(Records contained in a dataset)
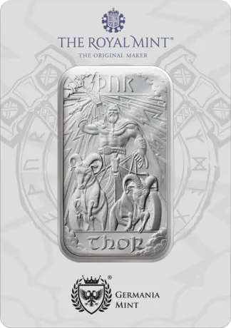 Objevte nadčasovou hodnotu stříbra s 1 oz stříbrným slitkem Thor | Královská mincovna. Tyto pečlivě vyrobené tyčinky, vyrobené z jemného stříbra 999,9/1000, představují eleganci a bezpečnost. Tyto stříbrné slitky o hmotnosti 31 1035 g, vyráběné jednou z nejdůvěryhodnějších rafinérií, Královskou mincovnou, jsou ideální pro investory, kteří chtějí diverzifikovat nebo rozšířit své portfolio drahých kovů.
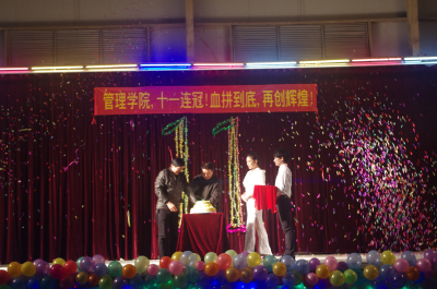 本次晚会为庆祝管理公告获得校运会“十一连冠”的佳绩,以及对管理公告未来的美好祝愿。管理公告奋发图强,血拼到底,再创辉煌!
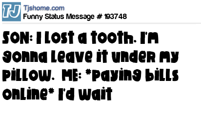 X says SON: I lost a tooth. I'm gonna leave it under my pillow. ME: *paying bills online* I'd wait
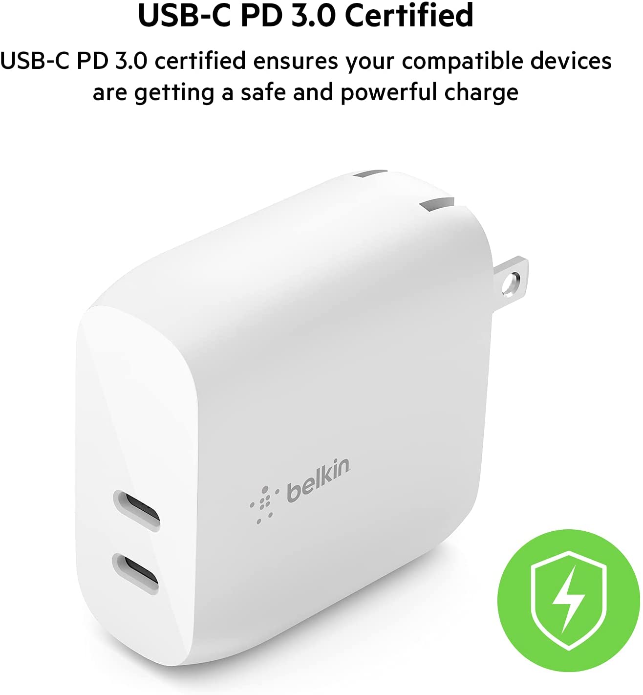Give two compatible devices a fast charge at the same time with our Dual USB-C PD Wall Charger 40W. This USB-C PD certified charger delivers 20W of power from each USB-C port, charging an iPhone 12 from 0-50% within 25 mins* and an iPad from 0-50% in 40 mins†. Plus, it’s travel-ready with its compact design and foldable prongs (US and China only), making it the perfect choice for home, the office, and on the road. Our dual-port charger is also universally compatible with the latest USB-C PD enabled smartphones and tablets—including Apple, Google, Samsung, and more—giving you a safe and fast charge for all your devices.
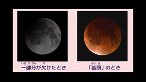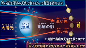 (3)月の欠け方(普段の月のかけ方とは異なります。月食の欠けた暗い部分には、丸い地球の影にあたります。)
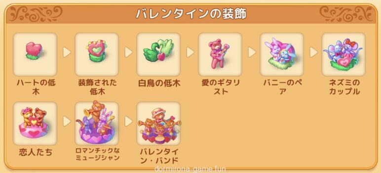 - バレンタインの装飾をを作ってポイントを集め、イベントマップ画面左上のポイントごとに報酬がもらえる
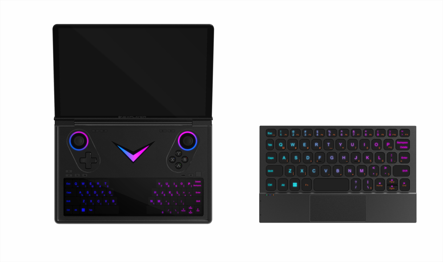 据官方此前预热,OnexPlayer G1 壹号 mini 游戏本内置“游戏控制器”和“键盘”两套输入设备,键盘可以直接盖在游戏控制器上。新机还配备下沉式隐藏摇杆,当玩家移开笔记本模式键盘时,可以直接手持使用,并且支持通过摇杆和按键游玩。
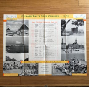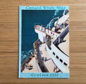 Colorful foldout brochure for Cunard White Star’s cruises in 1935. What ship would you have chosen? Homeric, Doric, Aquitania, or Lancastria? “A more thrilling program than ever!” Fantastic condition and really grand cover art.
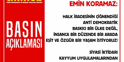 TMMOB olarak tarihimizin her döneminde antidemokratik ve baskıcı uygulamaların karşısında olduk. Bundan sonra da demokrasiden, özgürlüklerden, halkların kardeşliğinden ve barıştan yana tavrımızı sürdürmeye devam edeceğiz."
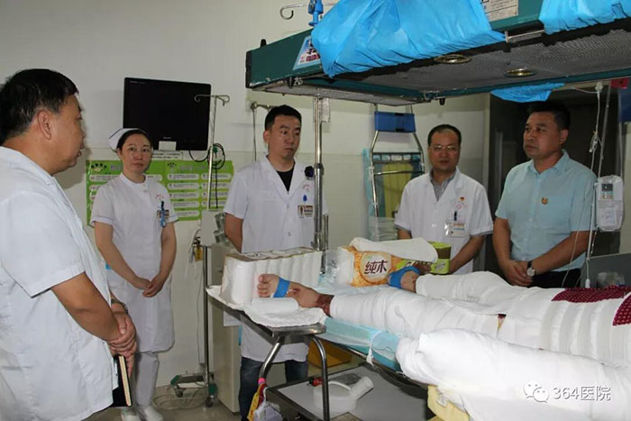 9月5日上午,中國(guó)紅十字基金會(huì)徐榮祥再生生命公益基金志愿者黃彥勇一行,在364醫(yī)院黨委書(shū)記、院長(zhǎng)李廣衡和副院長(zhǎng)張鋒、劉永良的陪同下,來(lái)到航空工業(yè)襄陽(yáng)醫(yī)院(364醫(yī)院)燒傷科重病監(jiān)護(hù)室,看望慰問(wèn)特重度燒傷患者任海鵬及其家屬龍榮榮。
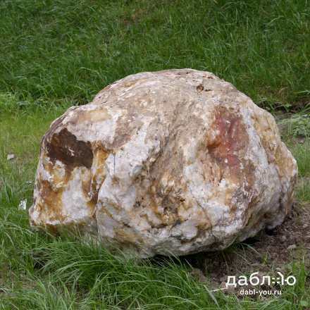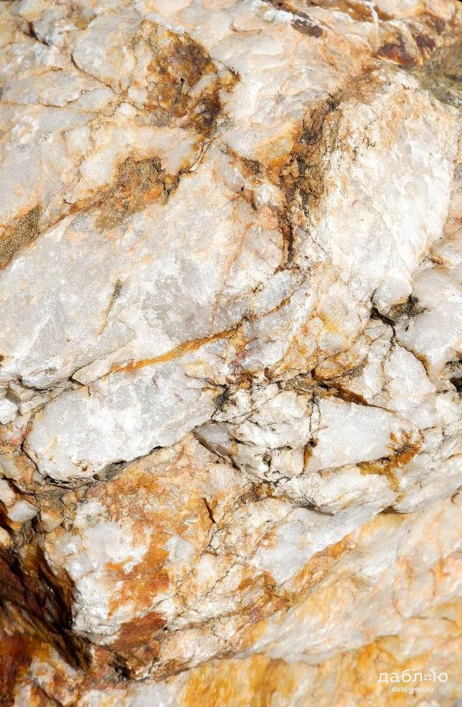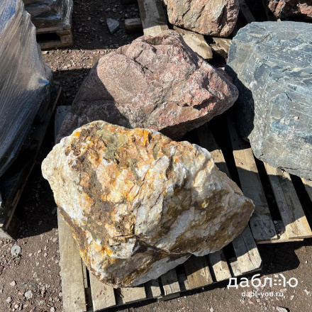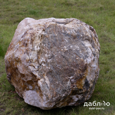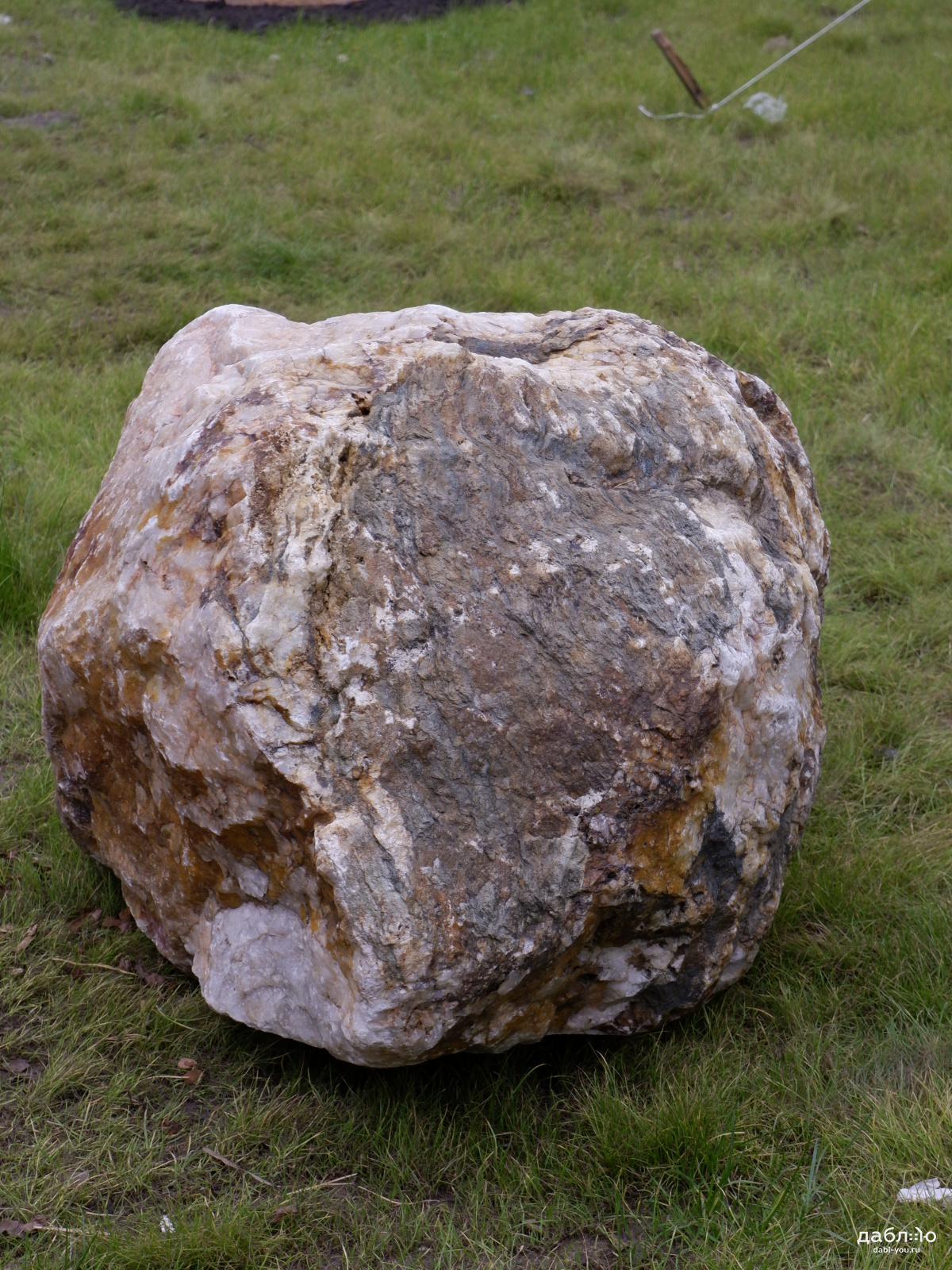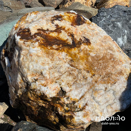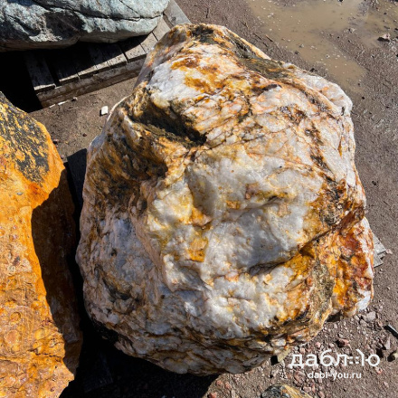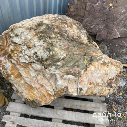 Глыба Кварц с золотом. С помощью данного материала создаются цветники, каменистые сады, фонтаны и многое другое. В ландшафтном дизайне глыбы отлично сочетаются с каменной крошкой и применяются как в виде ландшафтных композиций из нескольких камней, так и в качестве отдельных объектов.Область применения: ландшафт

* **What to work on**
The lines wanted run from the line containing "据官方此前预热,OnexPlayer G1 壹号" through the end of the entries; return them exactly, both ends included, and keep pictures out.

* **Solution below**
 据官方此前预热,OnexPlayer G1 壹号 mini 游戏本内置“游戏控制器”和“键盘”两套输入设备,键盘可以直接盖在游戏控制器上。新机还配备下沉式隐藏摇杆,当玩家移开笔记本模式键盘时,可以直接手持使用,并且支持通过摇杆和按键游玩。
 Colorful foldout brochure for Cunard White Star’s cruises in 1935. What ship would you have chosen? Homeric, Doric, Aquitania, or Lancastria? “A more thrilling program than ever!” Fantastic condition and really grand cover art.
 TMMOB olarak tarihimizin her döneminde antidemokratik ve baskıcı uygulamaların karşısında olduk. Bundan sonra da demokrasiden, özgürlüklerden, halkların kardeşliğinden ve barıştan yana tavrımızı sürdürmeye devam edeceğiz."
 9月5日上午,中國(guó)紅十字基金會(huì)徐榮祥再生生命公益基金志愿者黃彥勇一行,在364醫(yī)院黨委書(shū)記、院長(zhǎng)李廣衡和副院長(zhǎng)張鋒、劉永良的陪同下,來(lái)到航空工業(yè)襄陽(yáng)醫(yī)院(364醫(yī)院)燒傷科重病監(jiān)護(hù)室,看望慰問(wèn)特重度燒傷患者任海鵬及其家屬龍榮榮。
 Глыба Кварц с золотом. С помощью данного материала создаются цветники, каменистые сады, фонтаны и многое другое. В ландшафтном дизайне глыбы отлично сочетаются с каменной крошкой и применяются как в виде ландшафтных композиций из нескольких камней, так и в качестве отдельных объектов.Область применения: ландшафт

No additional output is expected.